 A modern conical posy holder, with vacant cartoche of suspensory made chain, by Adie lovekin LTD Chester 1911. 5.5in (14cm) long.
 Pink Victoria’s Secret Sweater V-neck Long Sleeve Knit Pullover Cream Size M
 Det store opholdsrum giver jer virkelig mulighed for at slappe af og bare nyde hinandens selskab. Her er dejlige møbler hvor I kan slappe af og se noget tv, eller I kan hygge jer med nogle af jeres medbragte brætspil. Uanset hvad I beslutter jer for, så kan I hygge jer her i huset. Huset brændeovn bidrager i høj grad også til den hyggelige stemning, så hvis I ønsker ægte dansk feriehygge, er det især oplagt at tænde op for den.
---
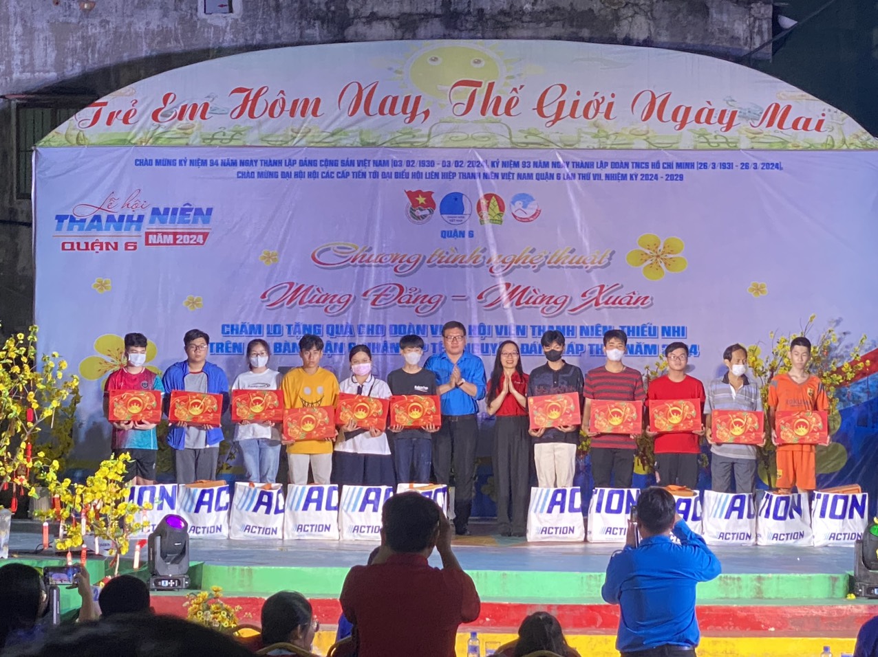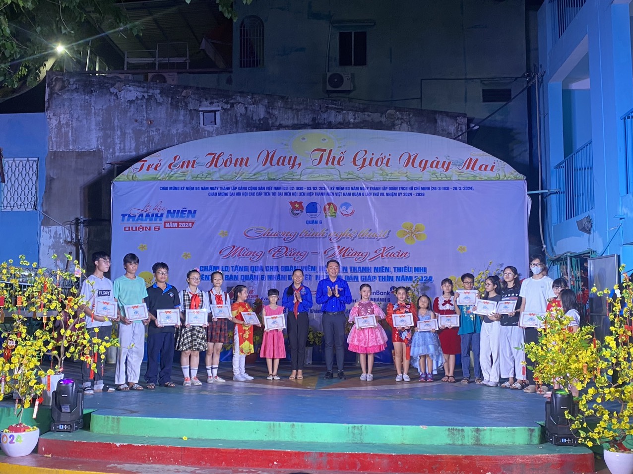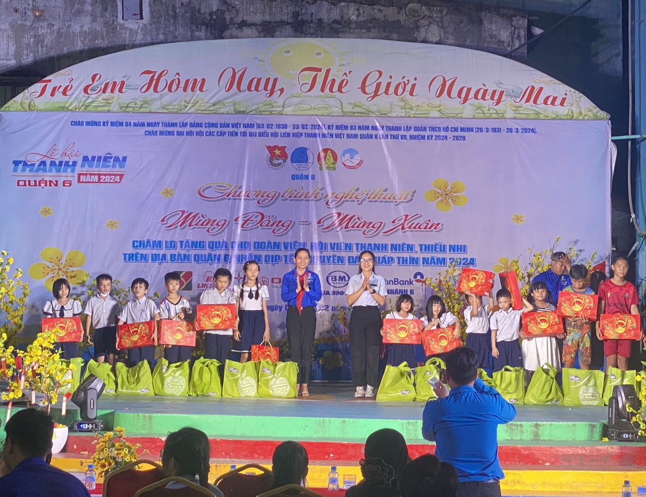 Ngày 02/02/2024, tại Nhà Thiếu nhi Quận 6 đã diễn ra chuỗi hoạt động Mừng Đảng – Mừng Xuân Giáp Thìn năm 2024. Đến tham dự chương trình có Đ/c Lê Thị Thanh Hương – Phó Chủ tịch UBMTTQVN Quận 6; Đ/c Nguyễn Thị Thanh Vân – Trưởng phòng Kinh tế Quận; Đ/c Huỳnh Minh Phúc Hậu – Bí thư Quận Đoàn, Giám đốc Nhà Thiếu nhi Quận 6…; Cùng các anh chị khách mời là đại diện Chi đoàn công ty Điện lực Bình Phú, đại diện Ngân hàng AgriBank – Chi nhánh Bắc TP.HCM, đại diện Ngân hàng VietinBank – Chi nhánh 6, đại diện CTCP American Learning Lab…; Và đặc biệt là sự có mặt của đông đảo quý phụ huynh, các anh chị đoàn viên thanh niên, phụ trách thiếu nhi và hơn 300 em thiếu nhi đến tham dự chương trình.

• What the exercise asks:
Return a word-for-word copy of the lines above from the one holding "A modern conical" through the one holding "Det store opholdsrum", with both of them included and nothing besides.

• Answer below:
 A modern conical posy holder, with vacant cartoche of suspensory made chain, by Adie lovekin LTD Chester 1911. 5.5in (14cm) long.
 Pink Victoria’s Secret Sweater V-neck Long Sleeve Knit Pullover Cream Size M
 Det store opholdsrum giver jer virkelig mulighed for at slappe af og bare nyde hinandens selskab. Her er dejlige møbler hvor I kan slappe af og se noget tv, eller I kan hygge jer med nogle af jeres medbragte brætspil. Uanset hvad I beslutter jer for, så kan I hygge jer her i huset. Huset brændeovn bidrager i høj grad også til den hyggelige stemning, så hvis I ønsker ægte dansk feriehygge, er det især oplagt at tænde op for den.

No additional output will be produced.